Uma vez classificadas como “doentes”, as pessoas tornam-se “pacientes” e consequentemente “consumidoras” de tratamentos, terapias e medicamentos, que transformam o seu próprio corpo no alvo dos problemas que, na lógica medicalizante, deverão ser sanados individualmente. Muitas vezes, famílias, profissionais, autoridades, governantes e formuladores de políticas eximem-se de sua responsabilidade quanto às questões sociais: as pessoas é que têm “problemas”, são “disfuncionais”, “não se adaptam”, são “doentes” e são, até mesmo, judicilializadas.
 

A aprendizagem e os modos de ser e agir – campos de grande complexidade e diversidade – têm sido alvos preferenciais da medicalização. Cabe destacar que, historicamente, é a partir de insatisfações e questionamentos que se constituem possibilidades de mudança nas formas de ordenação social e de superação de preconceitos e desigualdades.

O estigma da “doença” faz uma segunda exclusão dos já excluídos – social, afetiva, educacionalmente – protegida por discursos de inclusão. 


A medicalização tem assim cumprido o papel de controlar e submeter pessoas, abafando questionamentos e desconfortos; cumpre, inclusive, o papel ainda mais perverso de ocultar violências físicas e psicológicas, transformando essas pessoas em “portadores de distúrbios de comportamento e de aprendizagem”. 

No Brasil, a crítica e o enfrentamento dos processos de medicalização ainda são muito incipientes.
 

É neste contexto que se constitui o Fórum sobre Medicalização da Educação e da Sociedade, que tem como objetivos: articular entidades, grupos e pessoas para o enfrentamento e superação do fenômeno da medicalização, bem como mobilizar a sociedade para a crítica à medicalização da aprendizagem e do comportamento.
 

O caráter do Fórum é político e de atuação permanente, constituindo-se a partir da qualidade da articulação de seus participantes e suas decisões serão tomadas, preferencialmente, por consenso. É composto por entidades, movimentos e pessoas que tenham interesse no tema e afinidade com os objetivos do Fórum.
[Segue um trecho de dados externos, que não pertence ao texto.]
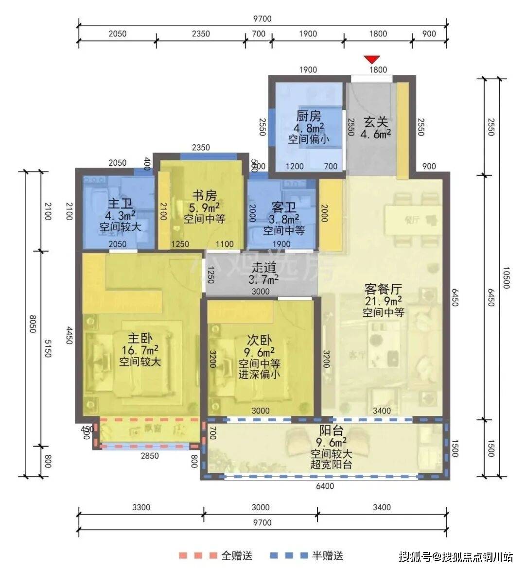 住宅总层高只有12-13层,总共328套房源,主力户型建筑面积约97-110㎡,都是三房两卫的设计,非常“青年友好”。

O Fórum se fundamenta nos seguintes princípios:



  1. Contra os processos de medicalização da vida.
  2. Defesa das pessoas que vivenciam processos de medicalização.
  3. Defesa dos Direitos Humanos.
  4. Defesa do Estatuto da Criança e Adolescente.
  5. Direito à Educação pública, gratuita, democrática, laica, de qualidade e socialmente referenciada para todas e todos.
  6. Direito à Saúde e defesa do Sistema Único de Saúde – SUS e seus princípios.
  7. Respeito à diversidade e à singularidade, em especial, nos processos de aprendizagem.
  8. Valorização da compreensão do fenômeno medicalização em abordagem interdisciplinar.
  9. Valorização da participação popular.

O Fórum sobre Medicalização da Educação e da Sociedade se propõe os seguintes desafios:


I. Ampliar a democratização do debate o Estabelecer mecanismos de interlocução com a sociedade civil
 

i. Popularizar o debate, sem perder o rigor científico.
ii. Pluralizar os meios de divulgação, incluindo cordéis, sites, artes em geral.
iii. Construir estratégias para ocupar espaços na mídia.
 

  • Estabelecer mecanismos de interlocução com a academia

i. Ampliar a discussão entre profissionais das diversas áreas;
ii. Construir estratégias para ocupar espaços nos cursos de formação inicial e continuada dos profissionais das diversas áreas.
iii. Apoiar propostas curriculares de humanização das práticas de educação e de saúde.
 

  • Socializar o significado da medicalização e suas consequências

i. Reconhecer as necessidades das famílias que vivenciam processos de medicalização.
ii. Esclarecer riscos da drogadição – drogas lícitas e ilícitas - como consequência da medicalização.
 

  • Ampliar a compreensão sobre a diversidade e historicidade dos processos de aprendizagem e de desenvolvimento humano.

II. Construir estratégias que subvertam a lógica medicalizante

  • Ampliar a produção teórica no campo da crítica à medicalização.
  • Intervir na formulação de políticas públicas, subsidiando o embasamento em novas concepções de ser humano e de sociedade.
  • Apoiar iniciativas de acolhimento e o fortalecimento das famílias, desmitificando pretensos benefícios da medicalização.
  • Apoiar ações intersetoriais que enfrentem os processos de medicalização da vida.